**Task description:** Only the lines below from the one containing "La sartén honda" through the one containing "esquecer a dose." belong in the answer, set down exactly, with the pictures left out.

**Entries supplied:**
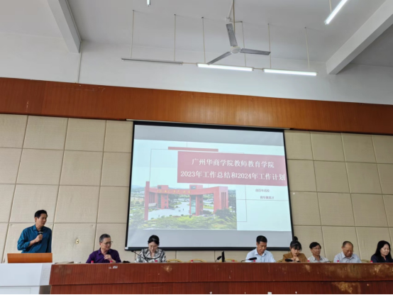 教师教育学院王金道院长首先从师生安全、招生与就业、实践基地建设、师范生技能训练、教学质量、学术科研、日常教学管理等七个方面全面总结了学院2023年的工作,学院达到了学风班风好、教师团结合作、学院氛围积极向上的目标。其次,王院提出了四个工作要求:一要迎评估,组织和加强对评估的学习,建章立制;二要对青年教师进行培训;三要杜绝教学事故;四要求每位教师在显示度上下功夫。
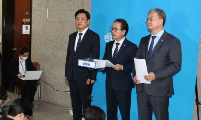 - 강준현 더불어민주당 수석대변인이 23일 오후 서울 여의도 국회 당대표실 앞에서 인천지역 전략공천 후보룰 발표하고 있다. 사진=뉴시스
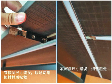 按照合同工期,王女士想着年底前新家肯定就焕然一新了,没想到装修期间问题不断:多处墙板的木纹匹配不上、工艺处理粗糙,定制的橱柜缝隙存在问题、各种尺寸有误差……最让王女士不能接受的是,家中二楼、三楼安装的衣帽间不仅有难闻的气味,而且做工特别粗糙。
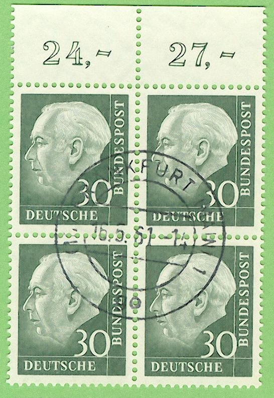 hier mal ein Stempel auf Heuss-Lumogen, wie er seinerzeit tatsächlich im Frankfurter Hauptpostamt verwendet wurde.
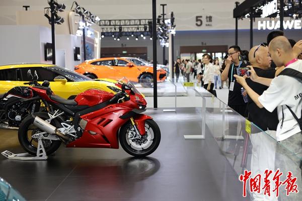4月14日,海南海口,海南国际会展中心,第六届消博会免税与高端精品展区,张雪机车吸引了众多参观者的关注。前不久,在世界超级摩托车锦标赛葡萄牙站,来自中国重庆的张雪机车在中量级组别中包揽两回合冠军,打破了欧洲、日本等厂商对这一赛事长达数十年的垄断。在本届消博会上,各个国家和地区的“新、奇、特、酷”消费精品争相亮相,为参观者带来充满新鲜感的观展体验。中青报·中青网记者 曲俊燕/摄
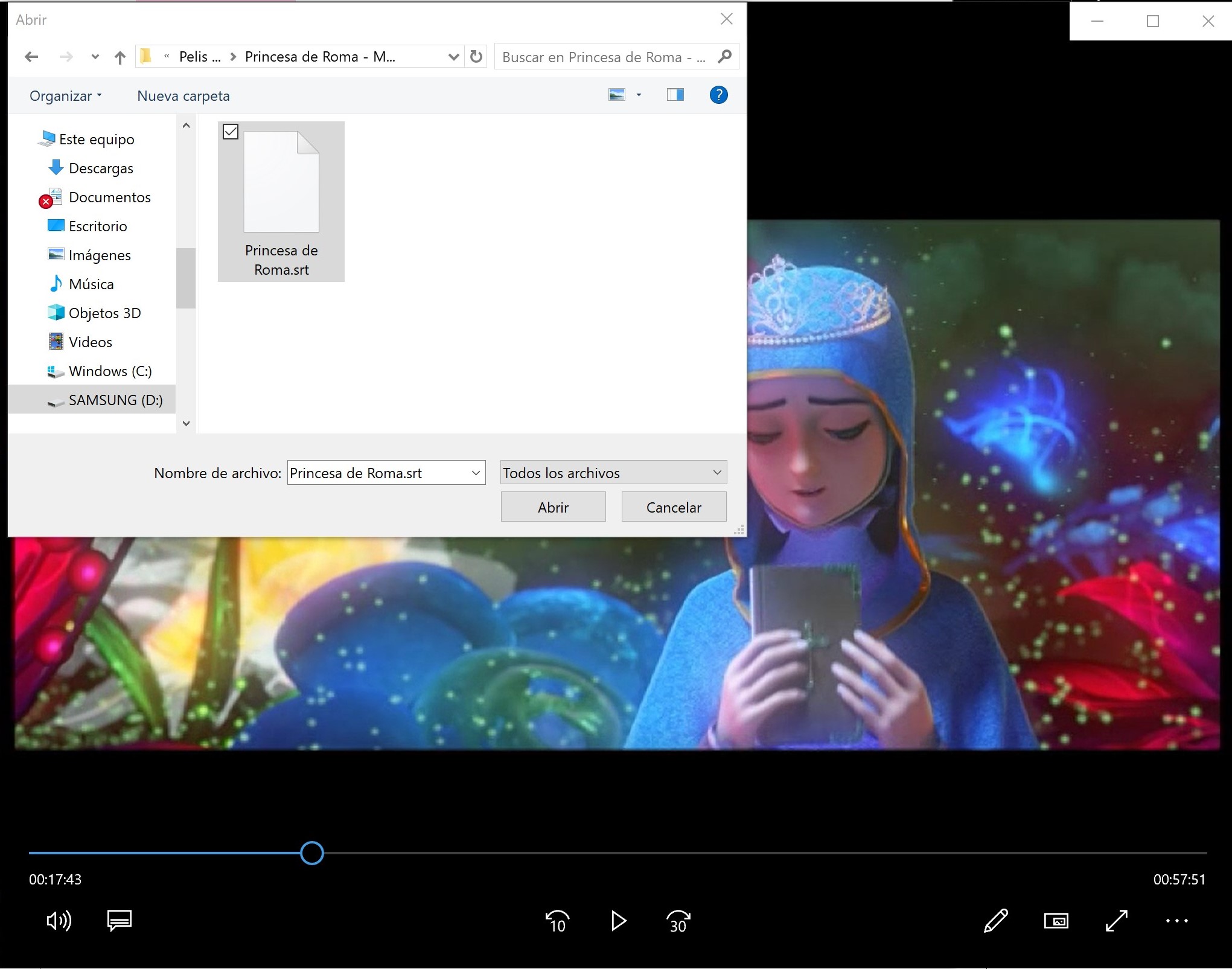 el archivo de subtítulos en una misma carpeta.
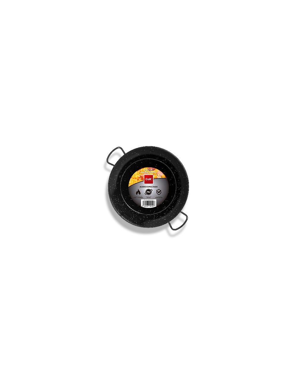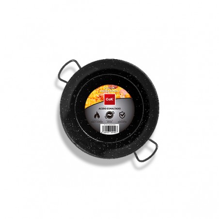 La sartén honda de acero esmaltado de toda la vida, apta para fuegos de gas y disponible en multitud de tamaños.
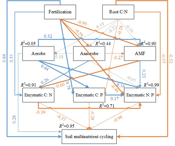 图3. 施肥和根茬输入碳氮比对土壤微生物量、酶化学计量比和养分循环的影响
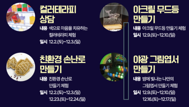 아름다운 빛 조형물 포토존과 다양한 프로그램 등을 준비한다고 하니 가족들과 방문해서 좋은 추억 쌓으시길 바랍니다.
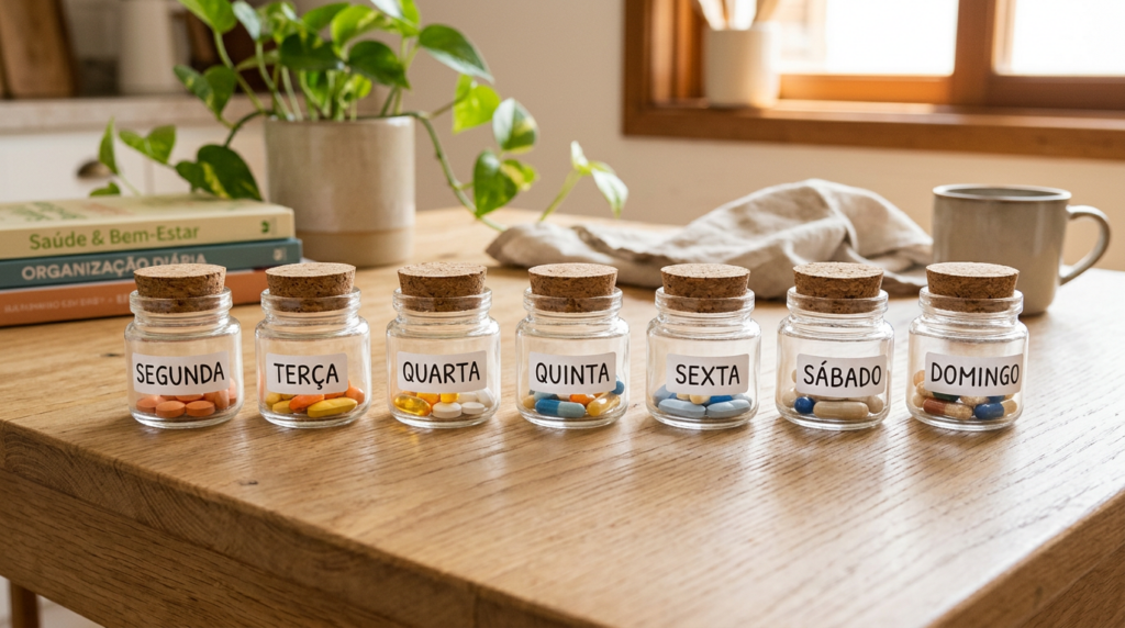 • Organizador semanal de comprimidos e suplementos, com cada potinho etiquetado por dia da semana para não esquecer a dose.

--

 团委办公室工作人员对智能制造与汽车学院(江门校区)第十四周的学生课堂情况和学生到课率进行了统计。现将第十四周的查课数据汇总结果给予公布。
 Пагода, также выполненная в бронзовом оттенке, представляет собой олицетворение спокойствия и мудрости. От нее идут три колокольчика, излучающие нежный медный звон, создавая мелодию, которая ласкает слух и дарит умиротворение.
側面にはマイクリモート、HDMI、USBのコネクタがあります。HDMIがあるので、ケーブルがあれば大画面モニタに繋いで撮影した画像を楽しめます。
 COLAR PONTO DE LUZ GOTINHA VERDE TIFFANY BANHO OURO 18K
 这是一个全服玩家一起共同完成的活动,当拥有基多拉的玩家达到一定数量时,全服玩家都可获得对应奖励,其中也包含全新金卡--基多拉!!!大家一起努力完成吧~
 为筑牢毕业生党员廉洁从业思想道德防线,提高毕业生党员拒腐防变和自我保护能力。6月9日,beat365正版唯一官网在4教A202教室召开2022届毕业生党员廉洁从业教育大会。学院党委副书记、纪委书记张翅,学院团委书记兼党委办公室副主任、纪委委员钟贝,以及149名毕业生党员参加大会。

**Task result:**
 La sartén honda de acero esmaltado de toda la vida, apta para fuegos de gas y disponible en multitud de tamaños.
 图3. 施肥和根茬输入碳氮比对土壤微生物量、酶化学计量比和养分循环的影响
 아름다운 빛 조형물 포토존과 다양한 프로그램 등을 준비한다고 하니 가족들과 방문해서 좋은 추억 쌓으시길 바랍니다.
 • Organizador semanal de comprimidos e suplementos, com cada potinho etiquetado por dia da semana para não esquecer a dose.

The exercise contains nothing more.